1977 sollten weitere Steigerungen erfolgen. Doch es kam anders. Günther Kohl fing sich eine Virusinfektion ein. Erst fühlte er sich schwach und fiebrig, dann begann das Herz zu rasen. In der Uniklinik Ulm stellten die Ärzte eine Herzmuskelentzündung fest. Eine Lungenentzündung kam hinzu. Auf der Intensivstation gab ihm der Pfarrer die letzte Ölung.
In einem Interview mit Rudi Holzberger schildert er diese Stunden. "Ohne mein Läufer Herz hätte ich diese Stunden bestimmt nicht überstanden. Aber so hatte ich die Durchhaltekraft und den Willen zu überleben. Wenn ich eingeschlafen wäre, hätte es mich erwischt. Also zwang ich mich wach zu bleiben bis der Morgen graute. Da fühlte ich, dass ich überm Berg war.
Sein Leben danach sah er selbst als Geschenk an. "Ich bin natürlich kein total anderer Mensch geworden, aber meine Einstellung zum Leben hat sich doch total verändert. Ich bin optimistischer geworden, offener, mehr dem Augenblick verhaftet. Und habe vor allem meinen ganz persönlichen Weg gefunden, bei dem ich mich kaum noch nach dem Urteil anderer ausrichte."
Dieser ganz persönliche Weg war niemals ein gerader. Zunächst hatte er eine Lehre als Kaufmann abgeschlossen. Doch das ewige unechte Freundlichsein gegenüber den Leuten die er nicht mochte, hielt er nicht lange aus. Eine Lehre als Chemielaborant folgte. Kohl 1981 "Konsumdenken kenne ich nicht mehr, daher reicht mir auch wenig Geld. Ich neide niemandem seinen großen Mercedes, aber ich wollte ihn nicht eintauschen. Laufen kann ich vor der Haustüre weg." Eine Ironie des Schicksals dass ihn der Tod ausgerechnet beim Autofahren ereilte. Vielleicht hat er auch schon immer etwas geahnt. Denn große Sorgen um finanzielle Absicherung im Alter machte er sich nie, "Was weiß ich ob ich überhaupt so alt werde".
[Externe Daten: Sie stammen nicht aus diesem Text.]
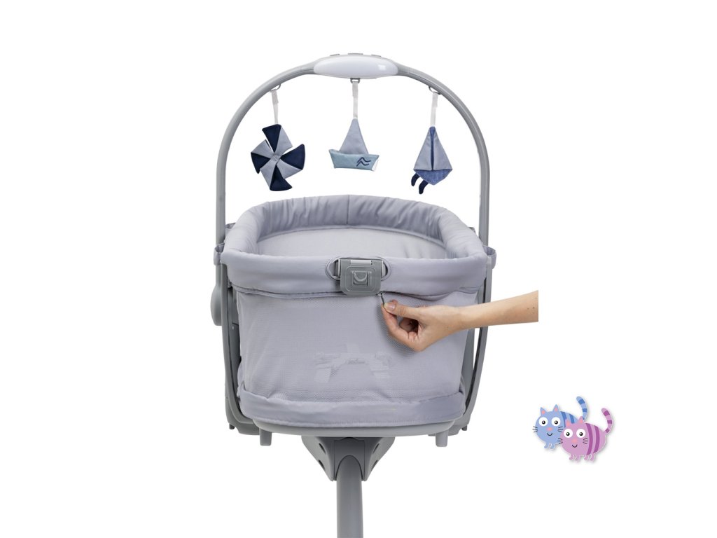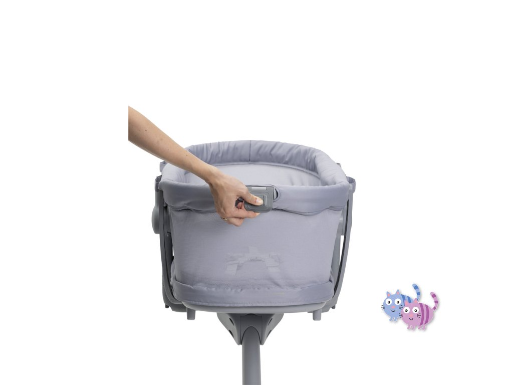 - Postýlku lze snadno odpojit od konstrukce a zvednout díky čtyřem úchytům.
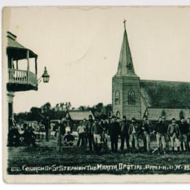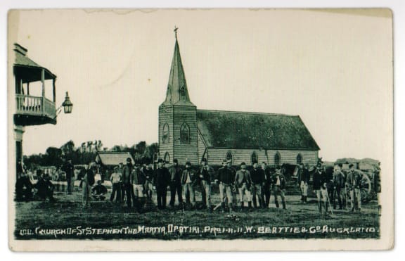 Men of the Opotiki Expedition, Patea Rangers and Wanganui Yeamanry Cavalry are pictured in front of the Church of St Stephen the Martyn in Opotiki, 1868.
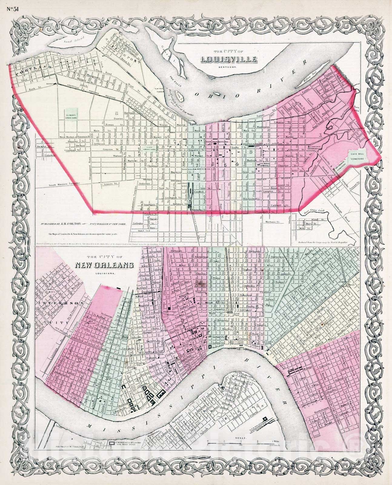 Historic Map : 1865 Louisville, Kentucky. New Orleans, Louisiana. - Vintage Wall Art

Nach der Herzmuskelentzündung gaben ihm die Ärzte keine Chance mehr für seinen geliebten Sport. Das Herz sei völlig vernarbt. Doch Günther Kohl belehrte sie eines Besseren. Mit 100m Spazierengehen und 20m Traben im Wechsel fing er unermüdlich wieder an. 1980 bei den deutschen Meisterschaften in Hannover wurde er bereits wieder Vierter hinter so bekannten und renommierten Läufern wie Karl Fleschen, Christoph Herle und Hildenbrand. Und siegte bei den bayerischen 25-km-Meisterschaften in Bobingen in 1:17:53 - zeitgleich mit Ralf Salzmann.
Den ganz großen internationalen Durchbruch, von dem Günther Kohl im Frühjahr 1977 vor jener verhängnisvollen Virusinfektion vielleicht gestanden hatte, schaffte der Jedesheimer nicht mehr. Doch bleiben seine Erfolge in der Rückschau beeindruckend: Zwei deutsche Meistertitel (1973 Junioren 5000m, 1975 Cross-Männer-Mittelstrecke), sechs weitere Platzierungen unter den ersten sechs bei Deutschen Meisterschaften, zwölf bayerische Meistertitel sind Marksteine der Entwicklung dieses Langstrecklers, der selbst das Laufen als seinen Lebensinhalt bezeichnete.
In die Trauer um den Läufer Günther Kohl sollte sich die Dankbarkeit mischen, dass der zähe Kämpfer als Todgeweihter auf der Ulmer Intensivstation sich selbst und seinen Freunden acht Jahre Leben - Läuferleben - durch die im Sport gelernten Fähigkeiten geschenkt hat. Seine früheren Mitläufer werden ihn bei vielen Crossläufen und Straßenläufen vermissen.